Cicero, Agrarian Speeches
Introduction, Text, Translation, and Commentary
Format:Hardback
Publisher:Oxford University Press
Published:8th Feb '18
Currently unavailable, and unfortunately no date known when it will be back
The Agrarian Speeches (Orationes de lege agraria) were delivered in January 63 BCE, just after Cicero had entered office as consul; they are his inaugural orations and therefore the first element of his consular activity. They not only provide valuable testimony for approaches to agrarian legislation in the late Republic, but also show how the new consul presented himself before the Senate and the People at the beginning of his consular year, a significant political event for which very few extensive sources remain.

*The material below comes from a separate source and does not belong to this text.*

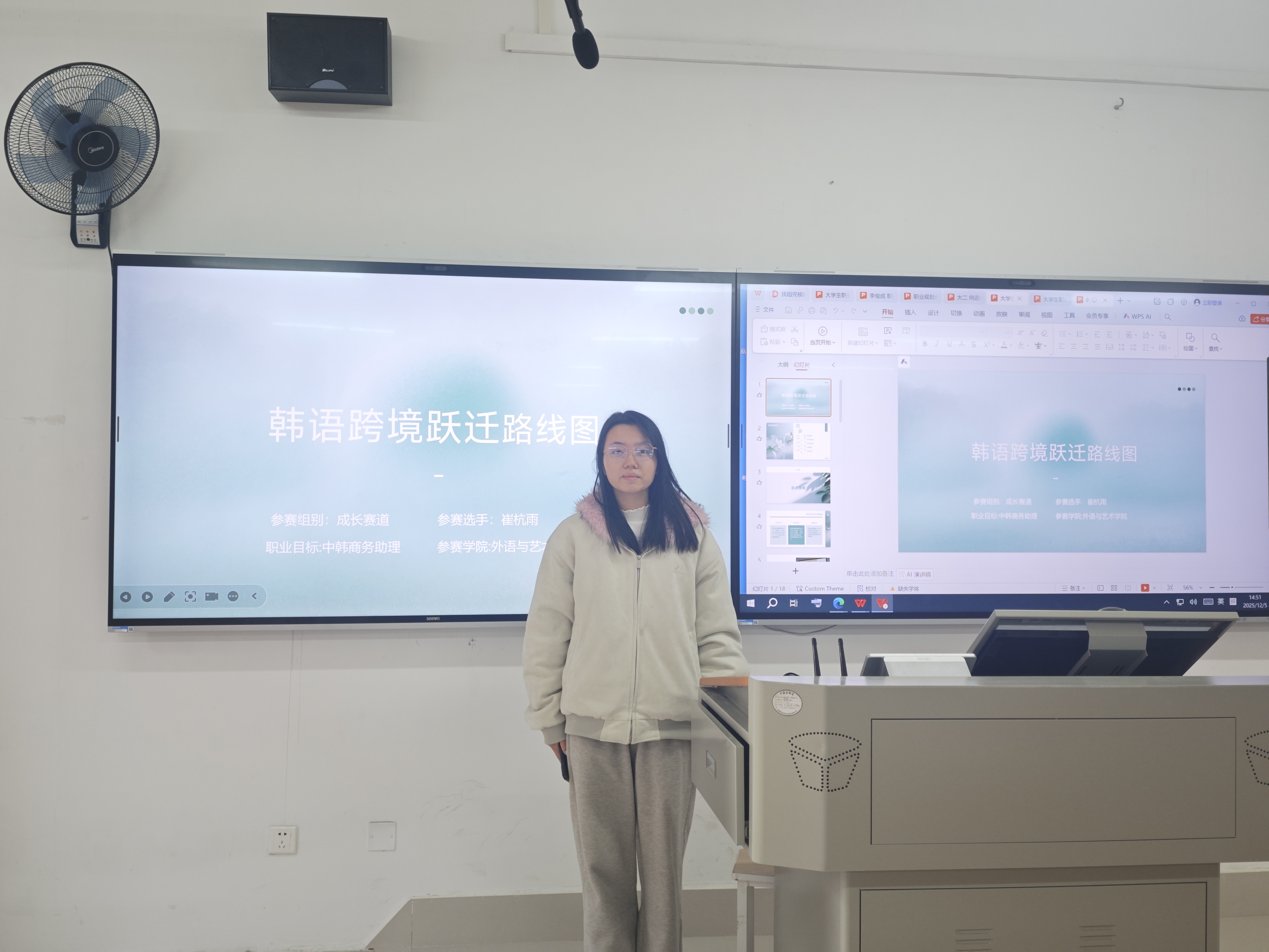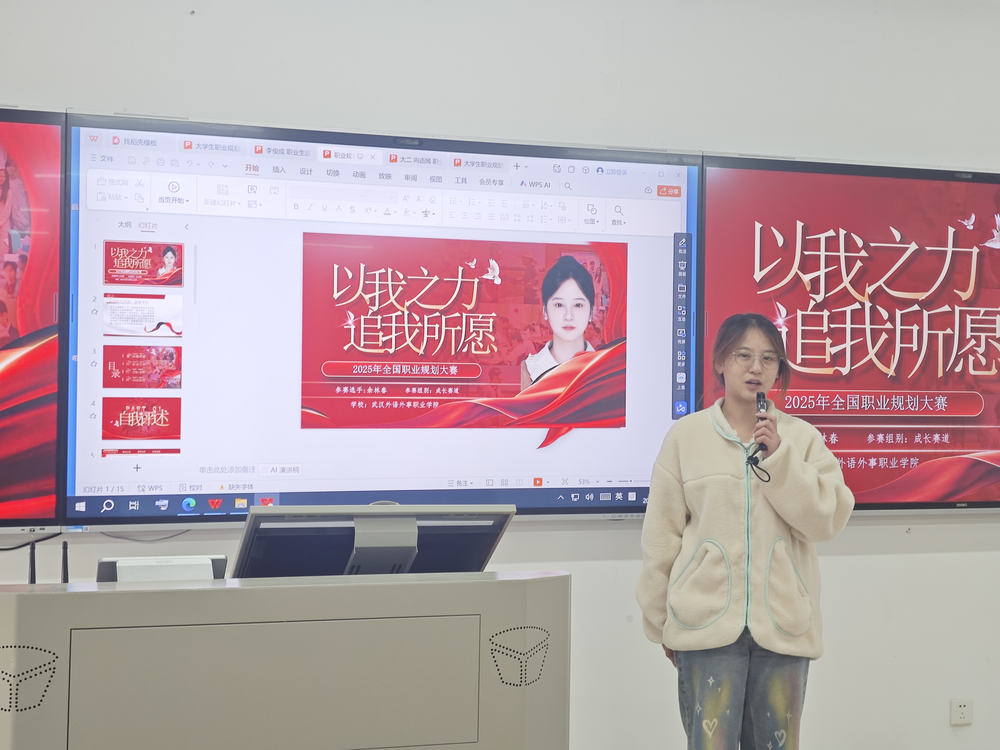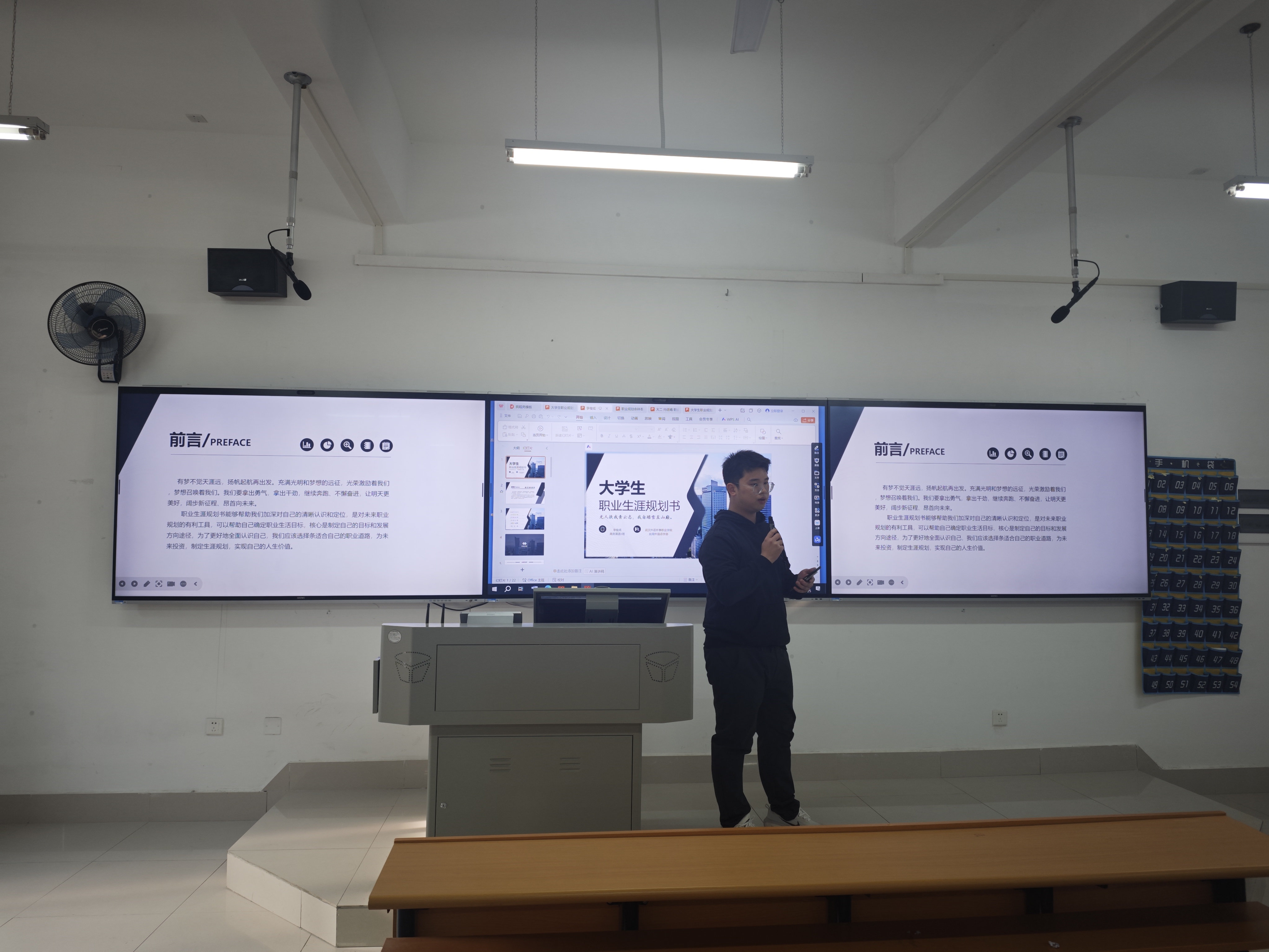 现场选拔以“职业规划阐述”与“简短问答”相结合的方式进行。选手们围绕自我认知、专业适配分析、职业目标定位以及短期行动计划等核心内容,通过PPT清晰展示了个人职业规划思路。从深耕本专业相关岗位,到积极探索跨领域发展可能,同学们结合自身兴趣与专业特长,生动阐述了对未来职业发展的初步构想。
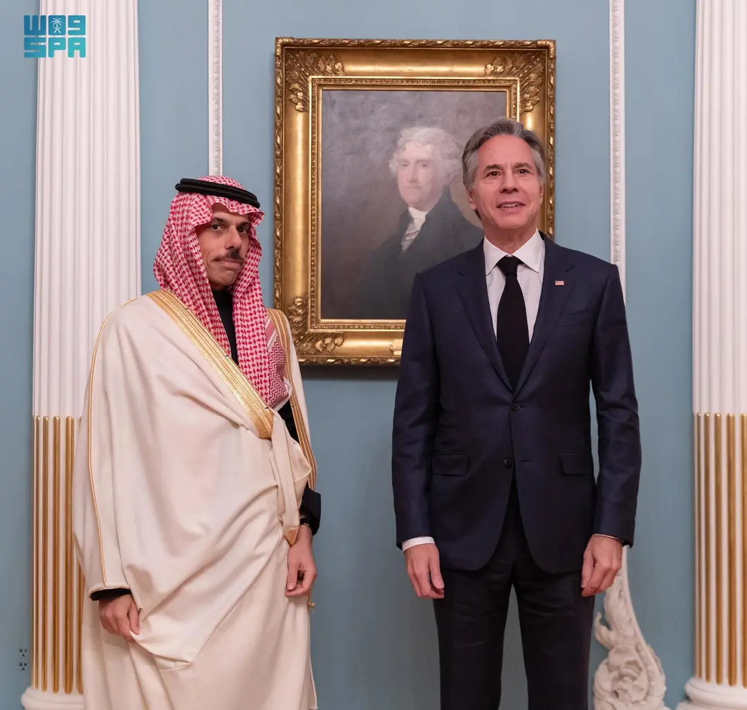 التقى صاحب السمو الأمير فيصل بن فرحان بن عبدالله وزير الخارجية، اليوم في واشنطن، معالي وزير خارجية الولايات المتحدة الأمريكية أنتوني بلينكن.

These speeches are also significant in demonstrating Cicero's rhetorical virtuosity and the sophistication of his political tactics in arguing against a proposal for a grand scheme of buying, selling, and allocating land put forward by the Tribune of the People, P. Servilius Rullus. Delivered in the same year as his arguably more famous orations against Catiline, they have nevertheless found less attention in modern scholarship. This edition offers a comprehensive introduction, a revised Latin text alongside a new English translation, and the first detailed commentary on the corpus, which, besides addressing numerous linguistic and textual issues, also explains the complex legal and historical situation and illustrates Cicero's sophisticated argumentative techniques. Drawing on the contemporary resurgence of academic interest in political oratory, it aims to bring these neglected speeches to a wider audience and will be particularly suitable for both scholars and students interested in Cicero, oratory, Roman law, or the history of the Roman Republic.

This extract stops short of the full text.